You should probably find a newer source, but yeah you're right black pepper helps with absorbtion of Curcumin. I was talking about BPC 157 and human trials, I wrote Piperine by a mistake. Turmeric contains a small amount of Curcumin compared to the extract yes, but bioavailiability and quantity changes from extracts to foods. I like using real spices and only extracts for a few select things. In regards to Curcumin extract (with piperine) a meta-analysis found a mean decrease of 2 on pain using VAS score (0-10) compared to controls and 15 on WOMAC pain scores (0-100). That's really great, on par with some pain killers, but again it only improves pain to a certain extent. There's a few other things to consider. There's a relatively small amount of studies included, there were moderate risk of bias in some of them, they are on an older population with osteoarthritis and these are averages. Some people respond better, some do not respond at all. That's why I initially said that it can help for some, but I stress that it's the dietary and lifestyles choices overall that are the most important. Still, curcumin is great and has many health benefits, no reason to not use it!

https://www.ncbi.nlm.nih.gov/pmc/articles/PMC5003001/

I agree, diet is a very important part and it should be one of the first things along with mental stress to be addressed regarding inflammation in the body, supplements are a secondary line. I do mix my curcumin with CBD isolate as well, it's great before bed.
 
I agree, diet is a very important part and it should be one of the first things along with mental stress to be addressed regarding inflammation in the body, supplements are a secondary line. I do mix my curcumin with CBD isolate as well, it's great before bed.
Diet, stress management and exercise are the fundamentals for sure.

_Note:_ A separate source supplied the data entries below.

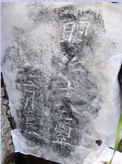
明治十八乙酉年 三月吉辰 (1885)
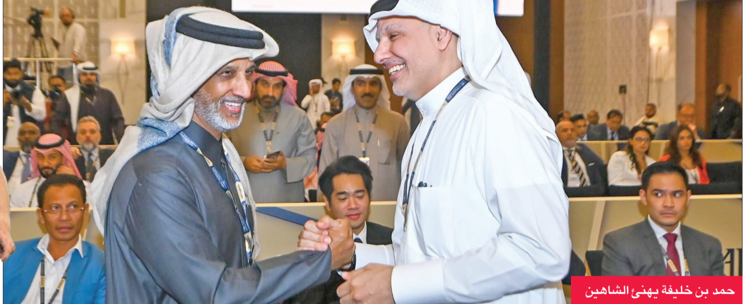
حمد بن خليفة يهنئ الشاهين

نيمبانج من نيبال (جنوب آسيا) والأسترالي كريست نيكو والتايلاندي سوميوث بومانمونج (آسيان) وفوك كاي شان أريك من هونغ كونغ (شرق آسيا).
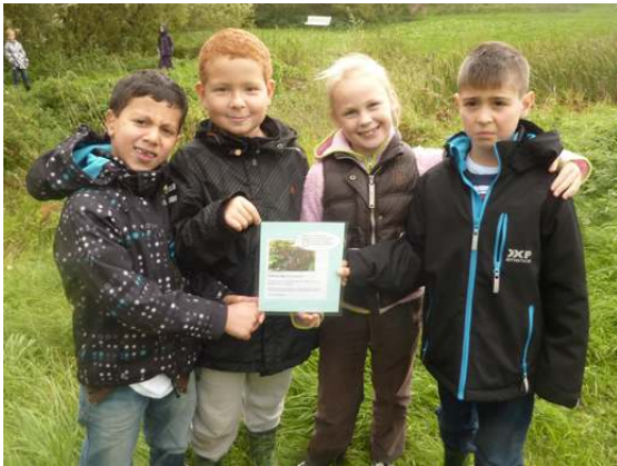
Vi letar efter boplatser för fladdermöss och grodor här vid ån! Korten beskriver vad djuren behöver.
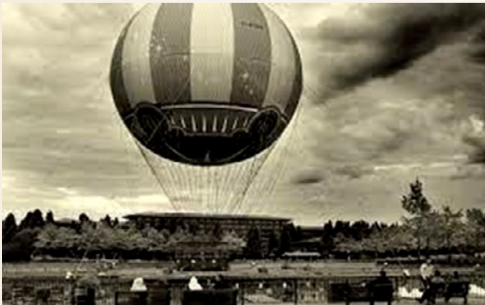
Viajes en globo en 1783.
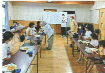
再開後は外での会食予定

▼毎回50食程度を公民館で調理。足りなかったら近隣の店でレトルトを買いに走ることも。食材提供やお菓子の差入れがありがたく、何よりスタッフに感謝していると代表。皆で食事をとる楽しさを知ってもらうのは勿論、地域の大人と子どもと一緒に遊び、つながりを深める地域づくりを目指している。
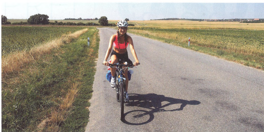
16 a 20 ZAHRAŇIČNĚ-DOMÁCÍ CYKLOTRASA Rakouské a německé příhraničí s juniory
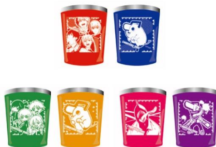
▲チェンソーマン ステンレスタンブラーセット (全3種) ※クレーンゲーム限定景品
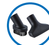
Brosse meuble et embout ventouse 107414330
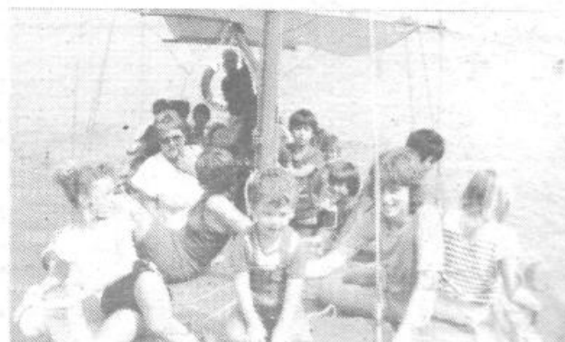
Kot vsako leto je tudi letos Ča te briga popeljal mlade letoviškarje do Pirana in Portoroža

Društvo nekadilcev Ljubljana Siska, ki je pričelo delovati poldrugo leto pred našim, je predlagalo SZDL, naj pripravi, osnutek zakona s katerim bi zaščitili nekadilce, zlasti pa otroke, pred škodljivim vplivom tobačnega dima. To si želimo tudi mi, kljub temu, da nekaj ustreznih zakonov že imamo.
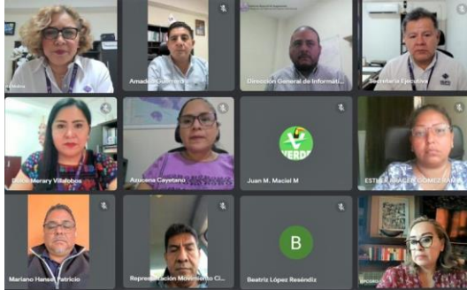
1ª Sesión Ordinaria / 20-01-2023
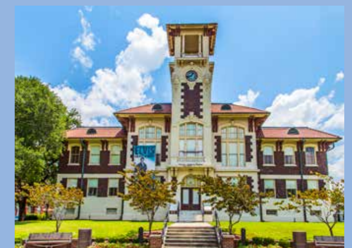
Історична ратуша Лейк-Чарльза, Луїзіана

Штат Луїзіана було названо французькими поселенцями 17-го століття на честь короля Франції Людовика XIV. Місто, що виросло на березі озера Чарльз, на південному заході штату, стало великим важливим промисловим центром. Його важливість як комерційного порту зростала після завершення громадянської війни (1861-65). Величезні обсяги деревини були необхідні для відновлення Півдня, і більша частина транспортувалася через порт озера Чарльз. У 1920-х рр. збудували канал, який з'єднав різні невеликі озера, річки і водні шляхи, щоб забезпечити доступ великих суден до порту, який знаходиться в 30 милях від Мексиканської затоки. Сьогодні Порт-Лейк-Чарльз є дванадцятим найнадійнішим у Сполучених Штатах, що займається в основному нафтою та продовольчим постачанням для решти світу.
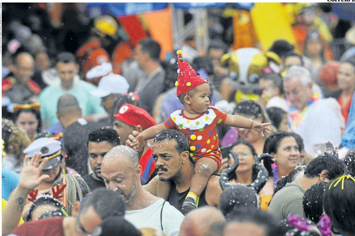
Nem mesmo o tempo chuvoso desanimou a criançada, que curtiu com os pais no bloco Baratinha, no Parque Ana Lúcia
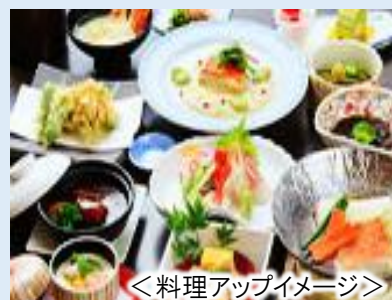
<料理アップイメージ>
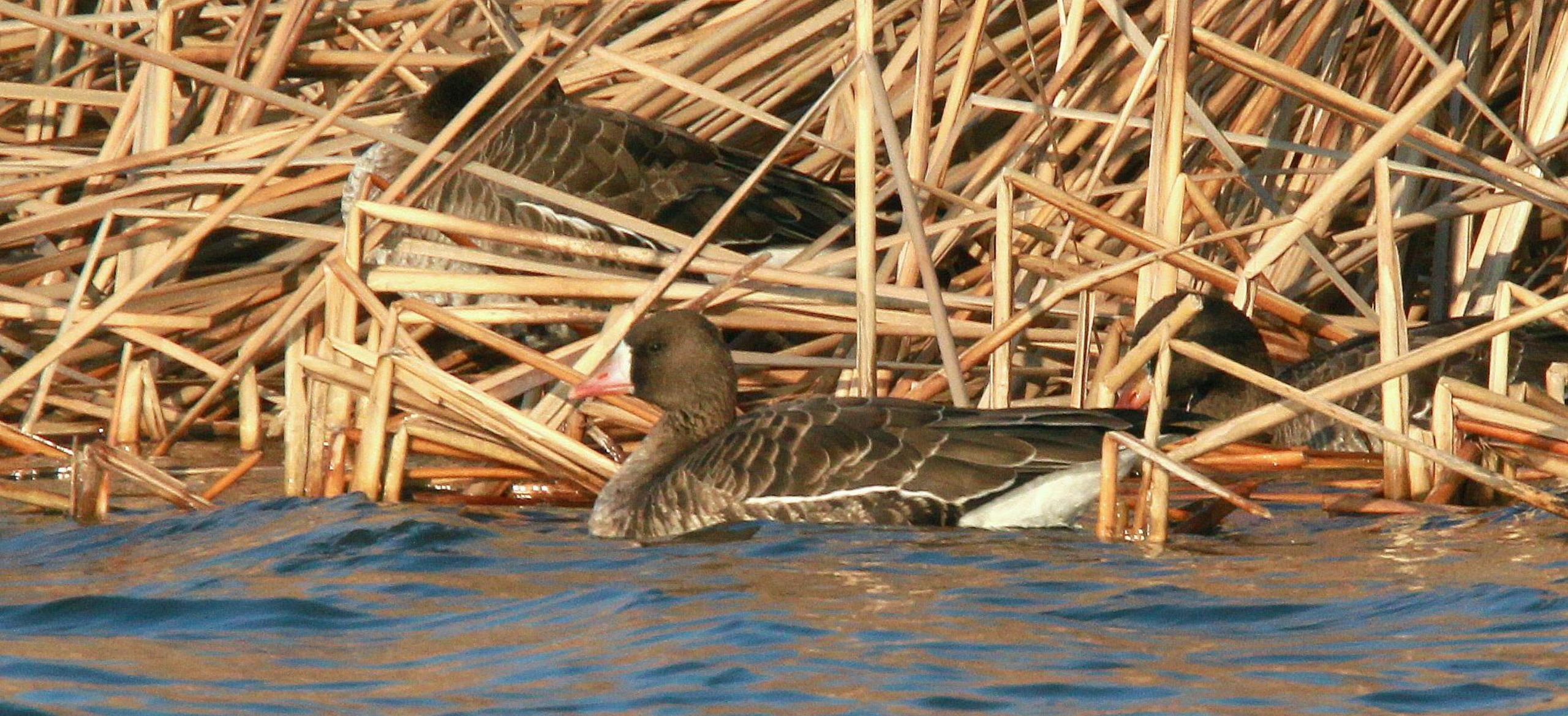
マガン（真雁） ガンカモ科 L=72cm
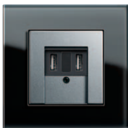
Alimentation USB Gira, double, Gira Esprit, verre noir/teinte alu
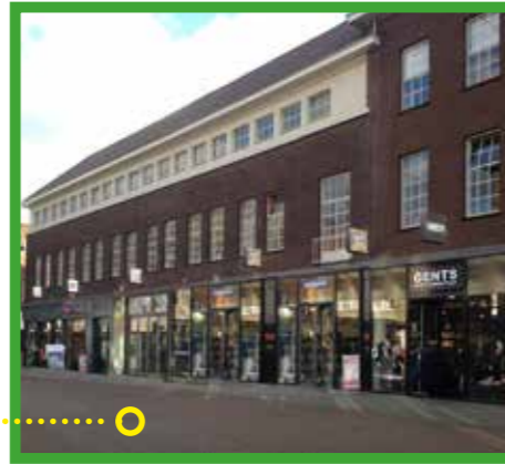
Verschillende winkels in één pand hebben dezelfde uitstraling door het gebruik van dezelfde materialen, kleuren en maatvoeringen.
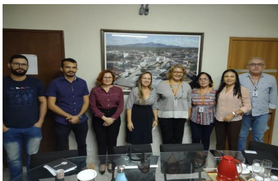
Município de Apuiaries
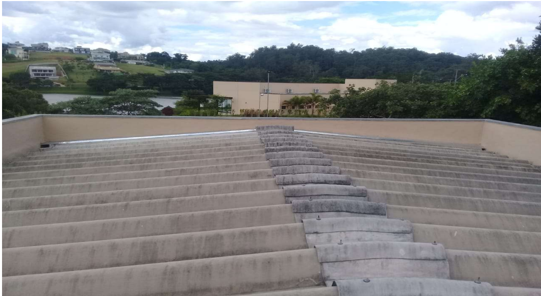
Vista do telhado

Associação dos Moradores do Villaggio Paradiso Rodovia Romildo Prado Km 10 - Tapera Grande Itatiba/ SP - CEP: 13.255-751 Fone: (11) 4534-2208 E-mail: contato@villaggioparadiso.org.br

Yeah I take CBD too! Creatine, CBD and Citrulline is what I use as sups. I wouldn't be opposed to adding Curcumin though, as far as sups go it seems really solid. I just dont have joint pain anymore at all, after years of pain.
 
Diet, stress management and exercise are the fundamentals for sure.

Yeah I take CBD too! Creatine, CBD and Citrulline is what I use as sups. I wouldn't be opposed to adding Curcumin though, as far as sups go it seems really solid. I just dont have joint pain anymore at all, after years of pain.

How do you find the Citrulline? What sort of dosage are you running.

I take Curcumin as a daily longer term thing 1g a day, it's not for current issues, more of a maintenance thing.